Assigned task ▸ Print the listing from its top line through the line containing "이번 공모전에 과제를", nothing more, and leave out the pictures.

─── Excerpted records

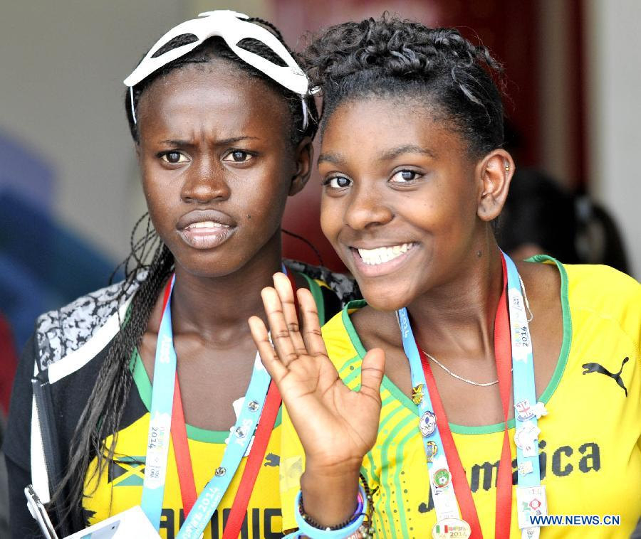 Shenice Cohen(R) and her teammate of Jamaica pose for a photo in the Youth Olympic Village of Nanjing 2014 Youth Olympic Games in Nanjing, east China's Jiangsu Province, August 15, 2014. (Xinhua/Yue Yuewei)
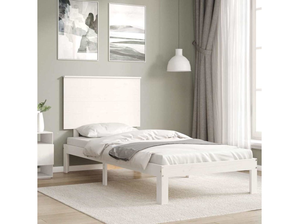 Rám postele s čelem bílý Single masivní dřevo 3193627
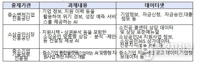 이번 공모전에 과제를 출제하는 기관은 총 3곳*으로 ▲중소기업 성장·위험 예측, ▲소상공인 맞춤형 전문상담(컨설팅), ▲중소기업 통합플랫폼 기반 지원사업 추천 3개 분야 과제를 제출하고 기관들이 보유한 양질의 데이터를 제공한다. 각 기관에서 제공하는 데이터는 가공 및 비식별화해 제공될 예정이다.
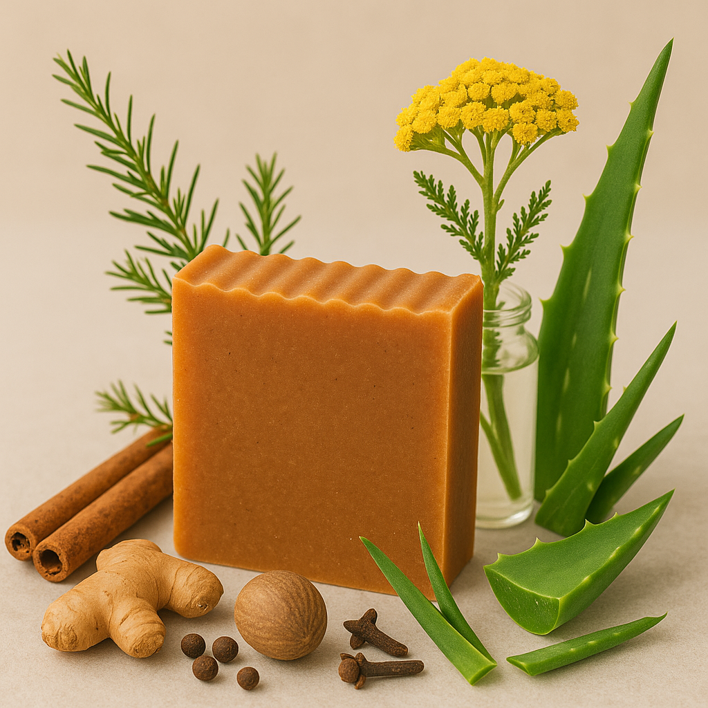 Best for: Combination or acne-prone skin, gentle moisture with a clarifying touch, seasonal self-care. With pumpkin + warming spices + aloe + tea tree + the five healing herbs, this bar is a true eczema heavyweight — both soothing and protective, making it strong enough for flare-ups yet gentle for daily use.
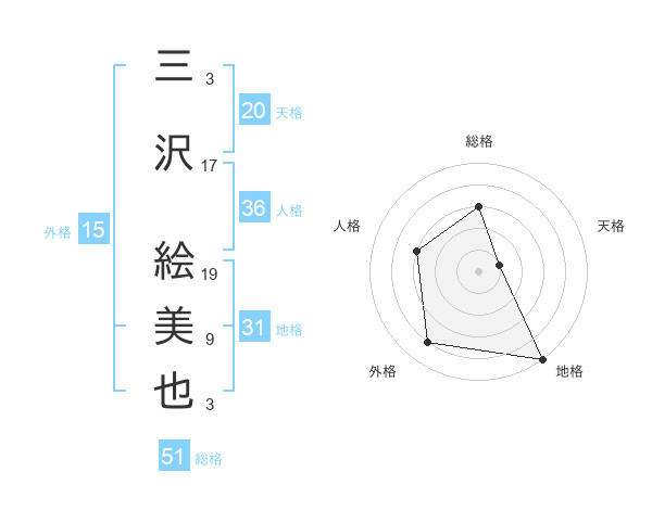 三沢 絵美也さんを姓名の画数から五運を鑑定
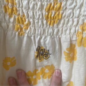 Vintage Roxy Maxi Dress Yellow White Brown Floral Smocked Cotton Sundress Size S
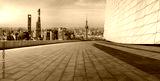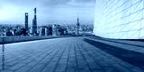 Empty square floor and city skyline with modern buildings at sunrise in Shanghai, China. High Angle view.
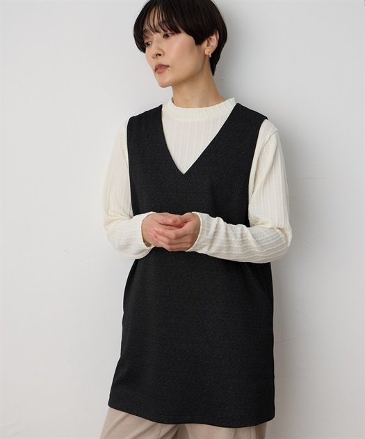 重ねるだけで決まる上品レイヤードチュニックすっきりとしたVネックベストと、柔らかな質感のインナーがセットになったアンサンブルチュニック。
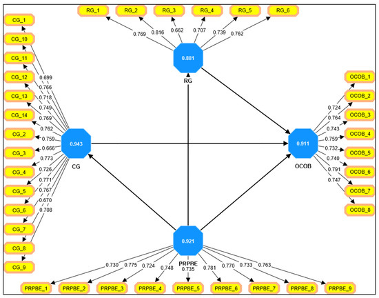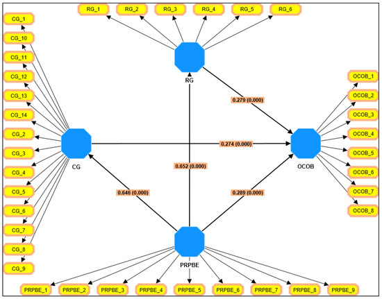 To test the influence of the personal relationship between boundary personnel on organizational customer opportunism behavior, the opportunistic behavior of organizational customers was taken as the dependent variable and the personal relationship between boundary personnel was taken as the independent variable. The data were statistically analyzed by using the Smart-PLS Software version (4.0.8.5). Table 6 shows that the overall effect of the model was significantly improved and the personal relationship between boundary personnel (β = 0.289, p < 0.001) significantly promoted organizational customer opportunistic behavior. The data support hypothesis H1, which is that the personal relationship between employees at the boundary of an enterprise is positively correlated with the opportunistic behavior of organizational customers. The closer the personal relationship between employees at the boundary, the greater the chances of organizational customers’ opportunistic behavior. H2 states that there is a positive relationship between the personal relationship and relationship governance. H2 was accepted in this study (β = 0.646, p < 0.001). H3 states that relational governance positively affects organizational customer opportunistic behavior, which was accepted (β = 0.279, p < 0.001). A positive relationship exists between the personal relationship and contract governance (H4). In this study, H4 was accepted (β = 0.652, p < 0.001). H5 states that there is a negative relationship between contractual governance and organizational customer opportunistic behavior. H5 was accepted in this study (β = 0.274, p < 0.001). Figure 3 is a graphical representation of the structural model.
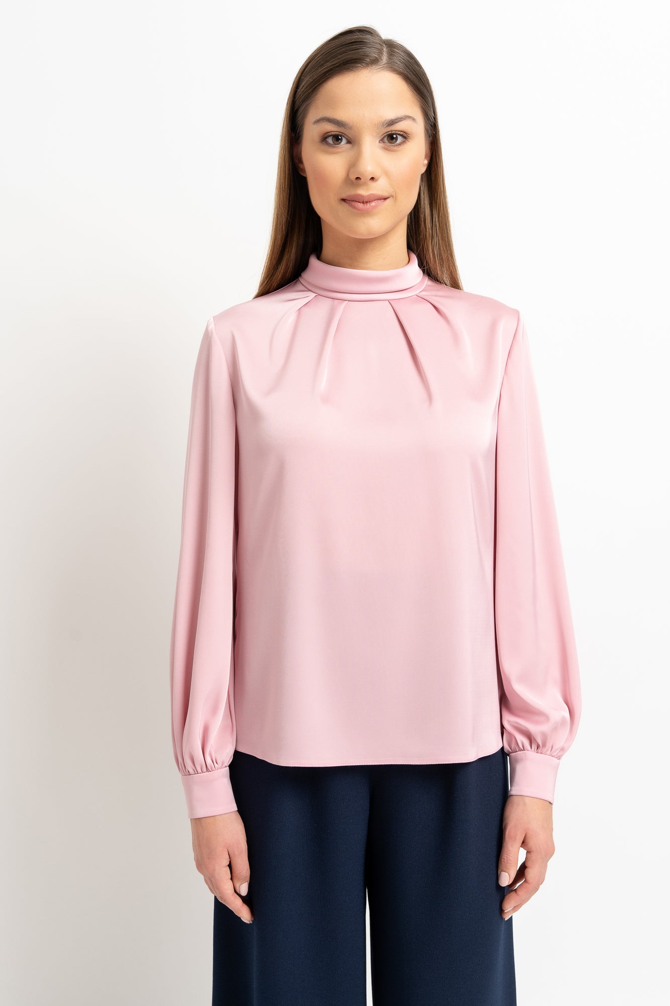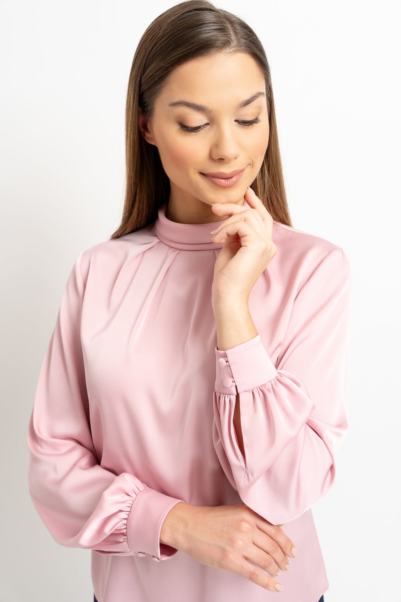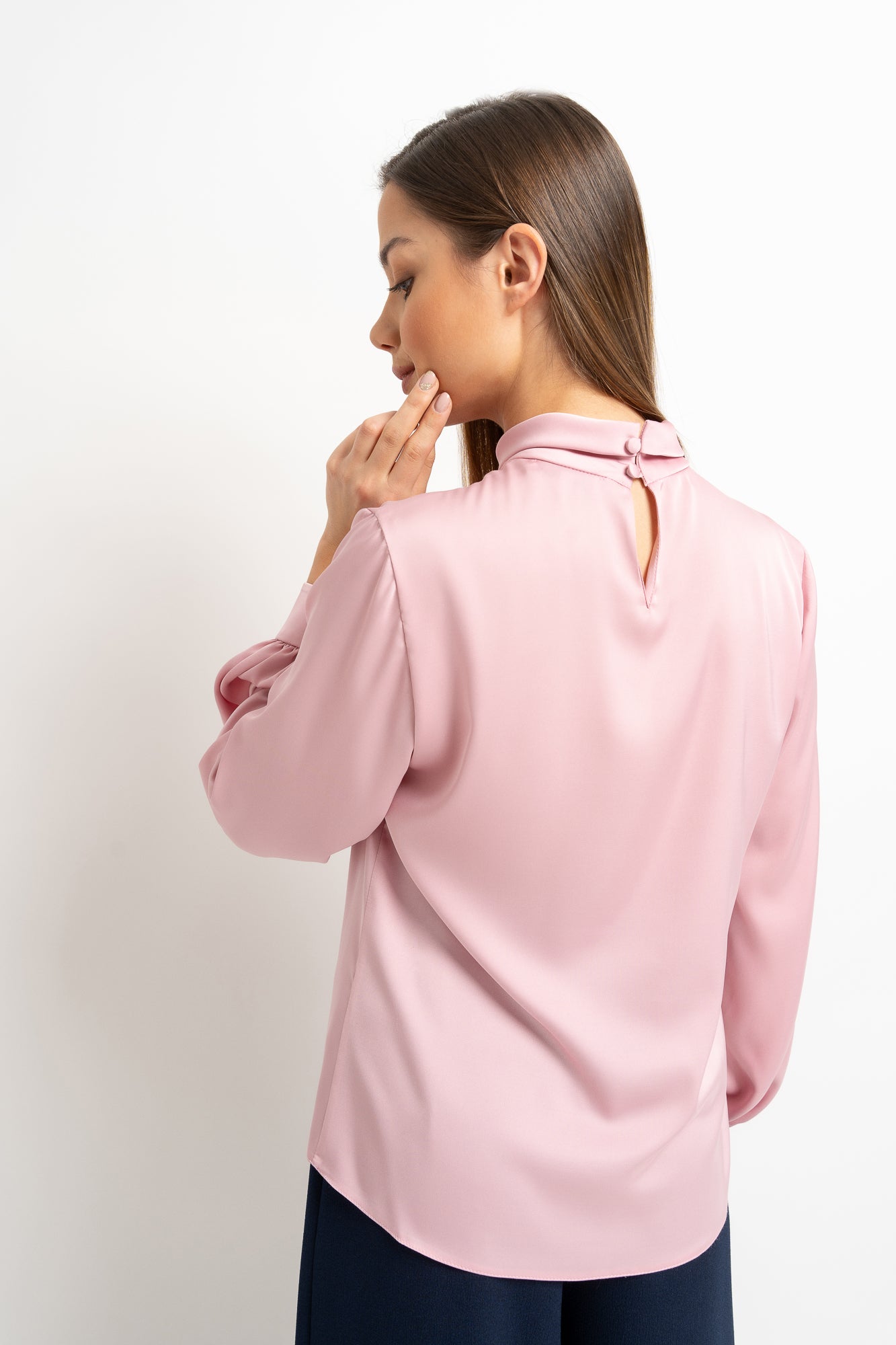Diese puderrosa Bluse aus weichem Satin mit edlem Perlglanz ist der Inbegriff dezenten Luxus. Der Umlegekragen, dezent verziert mit vier Falten um die Naht, verleiht ein raffiniertes, architektonisches Design, während eine kleine Träne auf der Rückseite, befestigt mit bezogenen Knöpfen, einen Hauch von Raffinesse verleiht. Mehrfache Knöpfe an den breiten Manschetten und stark gerafften Ärmeln verleihen Volumen und einen Hauch von Bohème. Der entspannte Schnitt sorgt für Tragekomfort und lässt die Bluse harmonisch zu eleganten Abend- und Business-Outfits passen, egal ob über oder unter Hose oder Rock getragen.

──────

Final answer ▸
 Shenice Cohen(R) and her teammate of Jamaica pose for a photo in the Youth Olympic Village of Nanjing 2014 Youth Olympic Games in Nanjing, east China's Jiangsu Province, August 15, 2014. (Xinhua/Yue Yuewei)
 Rám postele s čelem bílý Single masivní dřevo 3193627
 이번 공모전에 과제를 출제하는 기관은 총 3곳*으로 ▲중소기업 성장·위험 예측, ▲소상공인 맞춤형 전문상담(컨설팅), ▲중소기업 통합플랫폼 기반 지원사업 추천 3개 분야 과제를 제출하고 기관들이 보유한 양질의 데이터를 제공한다. 각 기관에서 제공하는 데이터는 가공 및 비식별화해 제공될 예정이다.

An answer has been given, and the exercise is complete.